Meanwhile, Pakistan said it had deployed troops near its 1,600-mile border with Afghanistan to seal off a potential escape route for insurgents fleeing the US advance.
The Marine Expeditionary Brigade leading the operation represents a large number of the 21,000 additional troops that US President Barack Obama ordered to Afghanistan earlier this year amid the Taliban’s increasing domination in much of the country. The operation is the first major push in southern Afghanistan by the newly bolstered American force.
Shortly after the offensive began, a US military spokeswoman said insurgents had captured a US soldier in eastern Afghanistan on Tuesday. Capt Elizabeth Mathias said the soldier was not part of the offensive in Helmand, but gave no further details.
Helmand is one of the deadliest provinces in Afghanistan where Taliban fighters have practised sleek, hit-and-run guerrilla warfare against the British forces based there.
The British Defence Ministry said on Thursday that two British soldiers had been killed on Wednesday in a roadside bomb attack in Helmand and six foreign soldiers had been injured in the attack. The fatalities brought to 171 the number of British troops killed since the toppling of the Taliban Government in late 2001.
In recent weeks, British troops have been setting up “blocking positions”, apparently to help stop the flow of insurgents during the main military operation and to establish greater security before the presidential election in August.
Now, the Marines say their new mission, called Operation Khanjar, will include more troops and resources than ever before, as well as a commitment by the troops to live and patrol near population centres to ensure that residents are protected. More than 600 Afghan soldiers and police officers are also involved.

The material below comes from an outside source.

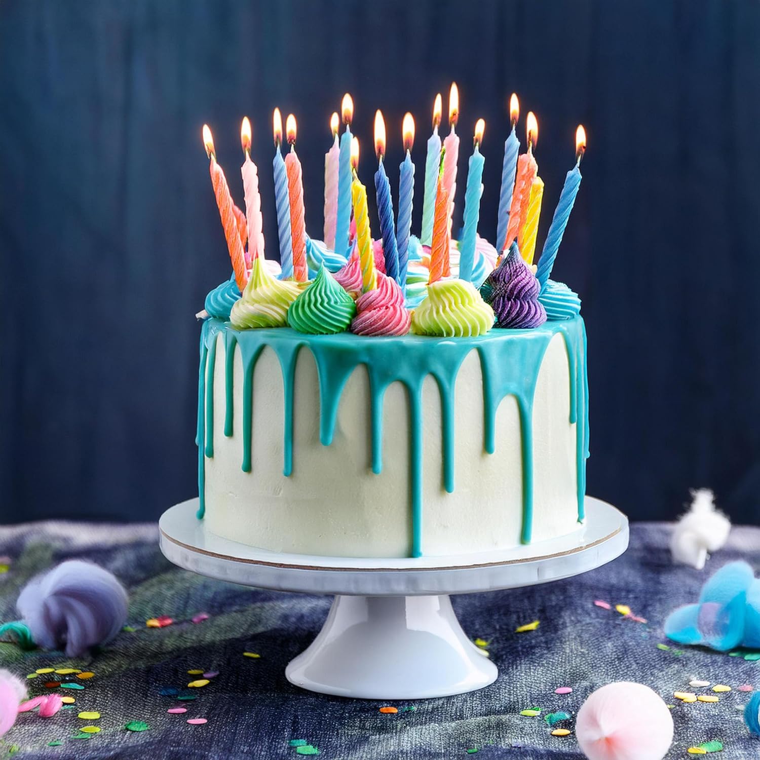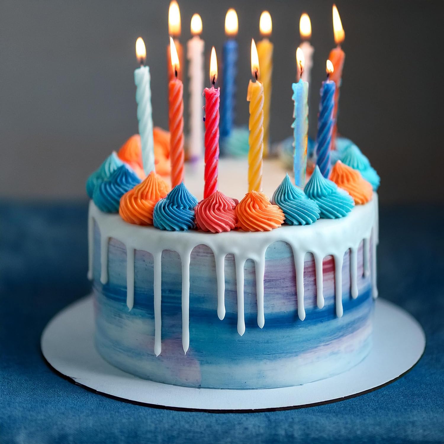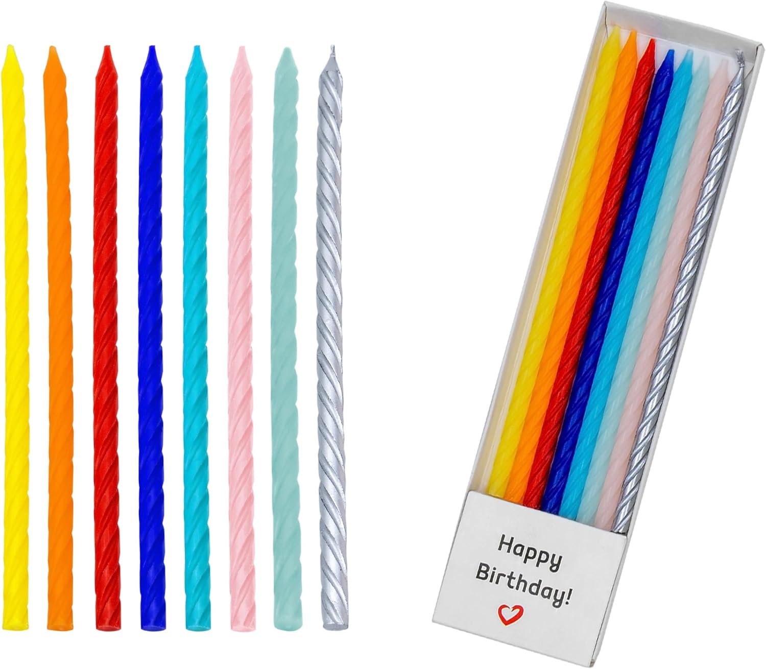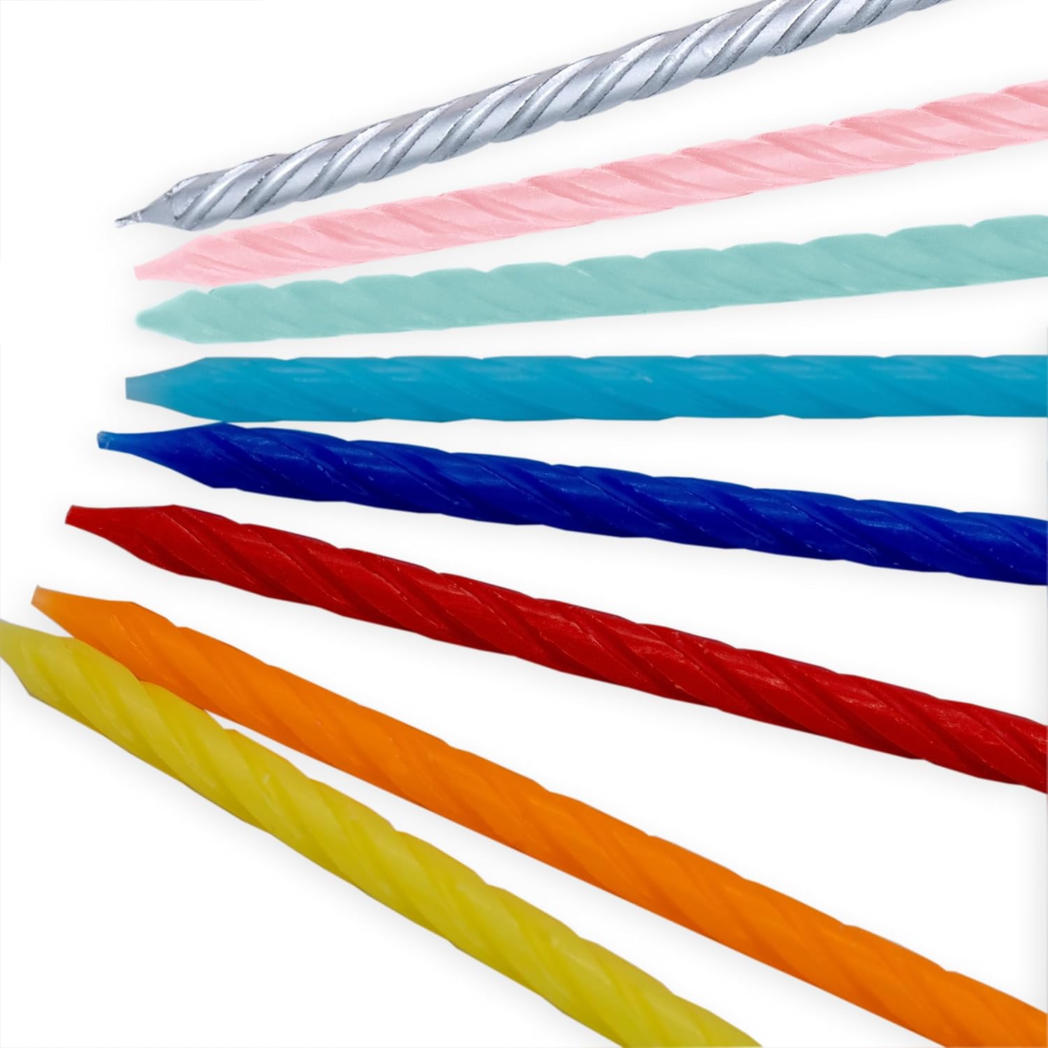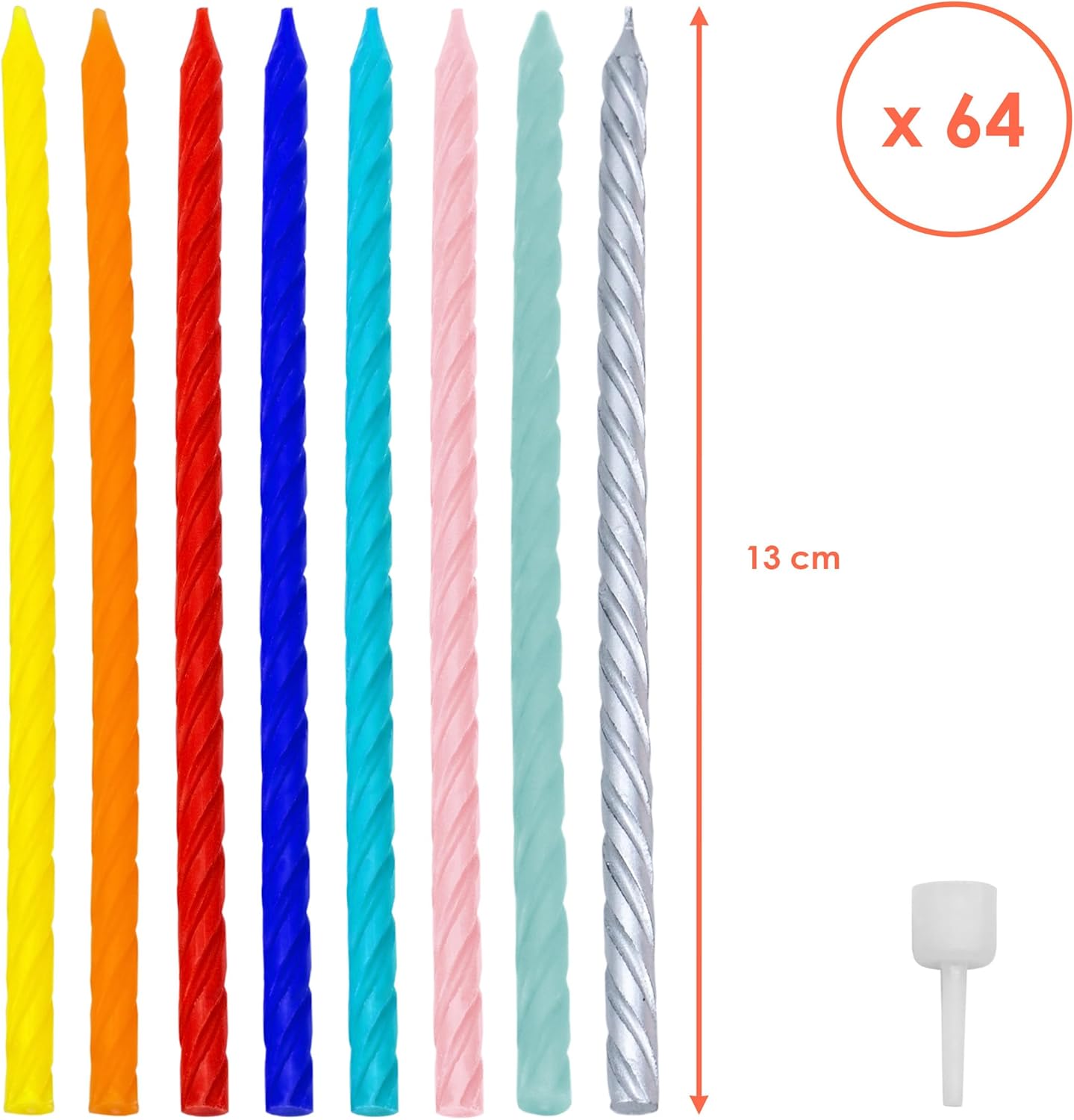 La dimensione di ogni candela è di circa 13 cm x 0,5 cm (altezza x diametro) Materiale: cera Colore: multicolore 64 candele in 8 colori colorati Design decorativo a spirale Include 64 supporti in plastica Ideale per torte, torte, muffin e cupcake

“What makes Operation Khanjar different from those that have occurred before is the massive size of the force introduced, the speed at which it will insert, and the fact that where we go we will stay, and where we stay, we will hold, build and work toward transition of all security responsibilities to Afghan forces,” Marine commander Brig Gen Larry Nicholson said in a statement.
The Marines will be pushing into areas where NATO and Afghan troops have not previously established a permanent presence.
The goal of the operation is to put pressure on the Taliban “and to show our commitment to the Afghan people that when we come in we are going to stay long enough to set up their own institutions”, he said.
The 21,000 additional American troops that Obama authorised almost precisely matches the original number of additional troops that George W Bush sent to Iraq two years ago. It will bring the overall American deployment in Afghanistan to more than 60,000 troops. But Obama avoided calling it a surge.